Experiment 3: Endogenous cue

Having established that both a hybrid and a purely exogenous cue can elicit object-based effects, we next investigated whether a purely endogenous cue can also drive object-based effects. Experiments 1 and 2 showed that saccade latencies are more sensitive to effects of attention than are keypress RTs. Thus, saccade latencies are well-suited to the observation of small effects. In addition to our primary goal, we also planned to shed light on the controversy surrounding the role of central cues in object-based attention. On the one hand, Macquistan (1997) observed that only a peripheral cue was capable of eliciting object-based effects of attention. On the other hand, several studies (Abrams and Law, 2000; Chen & Cave, 2008; Greenberg, 2009; Law & Abrams, 2002) have shown that central cues could also elicit object-based effects. More recently, some researchers have found that giving particular instructions to participants may be necessary for central cues to elicit object-based attention (Goldsmith & Yeari, 2003, 2012).
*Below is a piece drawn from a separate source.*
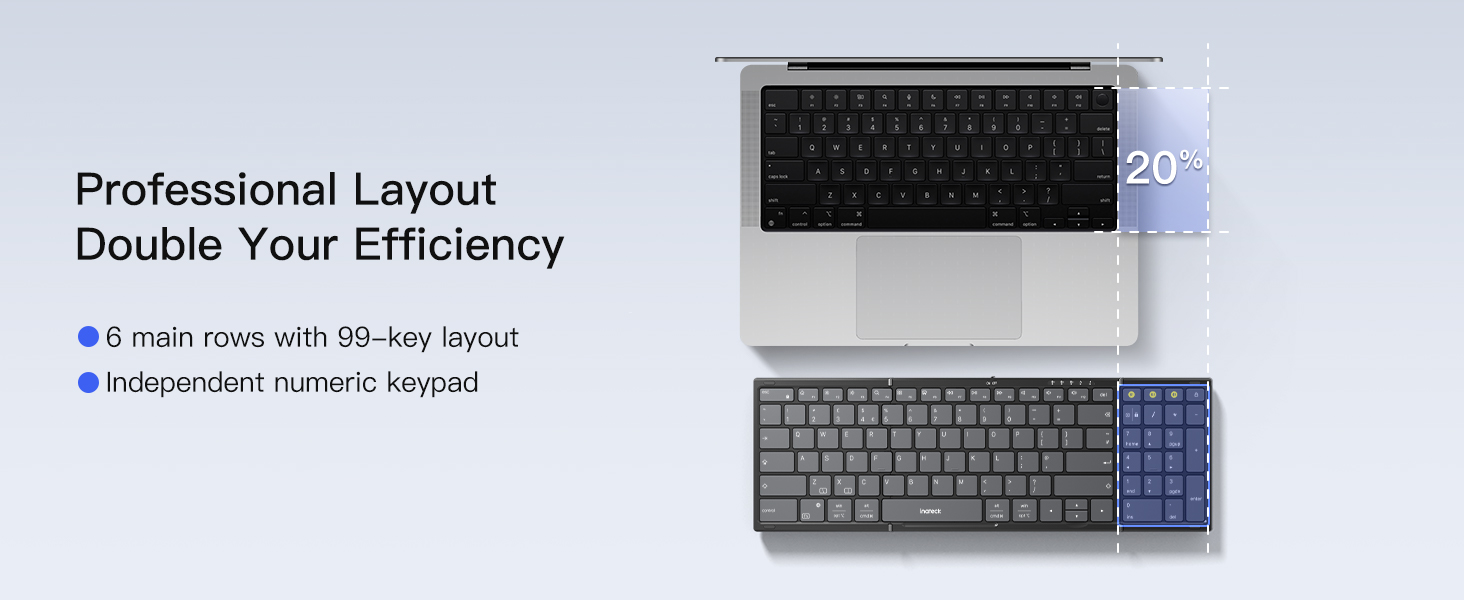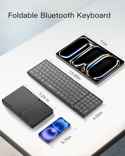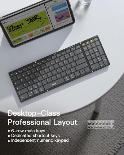 - Full-Size Foldable Keyboard: Featuring a full-featured PC-level layout, the keyboard has six rows of main key areas to meet different key combination requirements. The full-size keyboard has a total of 99 keys and is equipped with a separate numeric keypad, covering various scenarios such as data entry and document processing. Numeric input does not require switching, making office work more efficient

Our aim was to determine whether object-based attention can be elicited by central cues without instructing participants to use any specific strategies. If central cues can elicit object-based attention, saccade latencies may be more capable of detecting the effect than keypress RTs, as we found in Experiment 2.

Experiment 3a

Method

Participants

Fifteen participants (age ~18–30 years) provided written informed consent and took part in the experiment; all were students from Michigan State University. Two of the participants had taken part in Experiment 2a, one in both Experiments 2a and 1b, and another in both Experiments 2b and 1a. The participant recruitment criteria were the same as in Experiment 1a.

Apparatus

The apparatus details were identical to those in Experiment 2b.

Stimuli and procedure

The sizes and colors of the background, the inner areas and outer edges of the rectangles, and the target were the same as in Experiment 1a, with the following exceptions: The luminance values of the stimuli were slightly altered because we used a different CRT monitor (as we reported in the Stimuli and Procedure section of Exp. 2a). The fixation cross in Experiment 1a was replaced in Experiment 3a with a fixation square, which was located at the center of the screen (white, 0.02° × 0.02°, luminance = 26 cd/m2). The peripheral cue in Experiment 1a was replaced by a central cue in Experiment 3a, a white line (length = 0.5°, thickness = 0.015°, luminance = 26 cd/m2) extending from the centroid of the fixation square toward one of the four possible target locations (Fig. 6).
Fig. 6

Sequence of a trial in Experiment 3. The rectangles appeared in a horizontal or vertical orientation (vertical is shown). A central cue pointed at one of the corners for 100 ms. After a 200-ms interstimulus interval (ISI), the target appeared at the cued location (60 %), at the far end of the cued object (10 %), or at the equidistant corner of the different object (10 %), or it did not appear (20 %). ITI = intertrial interval

The sequence and duration of the stimuli, target probabilities, and response modalities were the same as in Experiment 1a. The primary difference between the experiments was the replacement of the peripheral cue with a central cue in Experiment 3a. There were ten blocks, each consisting of 80 trials. Eye movements were not recorded. The instructions and data preprocessing were the same as in Experiment 1a.

Results

Eligible trials

The proportion of eligible trials in each condition, after preprocessing, was submitted to a 2 (Orientation: vertical, horizontal) × 3 (Target Location: cued, same-object, different-object location) repeated measures ANOVA. None of the effects reached significance (all ps > .1). On average, .97 of the trials were eligible for the analysis.

Reaction time

A 2 (Orientation: vertical, horizontal) × 3 (Target Location: cued, same-object, different-object) repeated measures ANOVA was run on the mean keypress RTs (Fig. 7). The main effect of target location was significant, F(2, 28) = 58.2, MSE = 211.56, p < .001, ηp2 = .81: Keypress RTs were faster for the cued location (M = 347.41, SE = 12.59) than for the same-object (M = 375.51, SE = 12.55, Cohen’s d = 1.81) and different-object (M = 386.74, SE = 13.95, Cohen’s d = 2.7) locations, all ps < 0.001. Importantly, RTs were also faster for the same-object than for the different-object location, p = .006, Cohen’s d = 0.84. The effect of orientation [F(1, 14) = 0.79, MSE = 55.86, p = .388, ηp2 = .05] and the interaction [F(2, 28) = 2.46, MSE = 205.91, p = .118, ηp2 = .15] were not significant
Fig. 7

Mean reaction times (RTs, in milliseconds) as a function of object orientation (vertical vs. horizontal) and target location (cued, same-object, different-object). Error bars show within-subjects standard errors, as suggested by Cousineau (2005)

Experiment 3b

Method

Participants

Fifteen participants (age ~18–30 years) provided written informed consent and took part in the experiment; all were students from Michigan State University. Except for an author (G.S.) and one other participant (both had participated in Exp. 2a), none had participated in the previous experiments. The participant recruitment criteria were the same as in Experiment 1a.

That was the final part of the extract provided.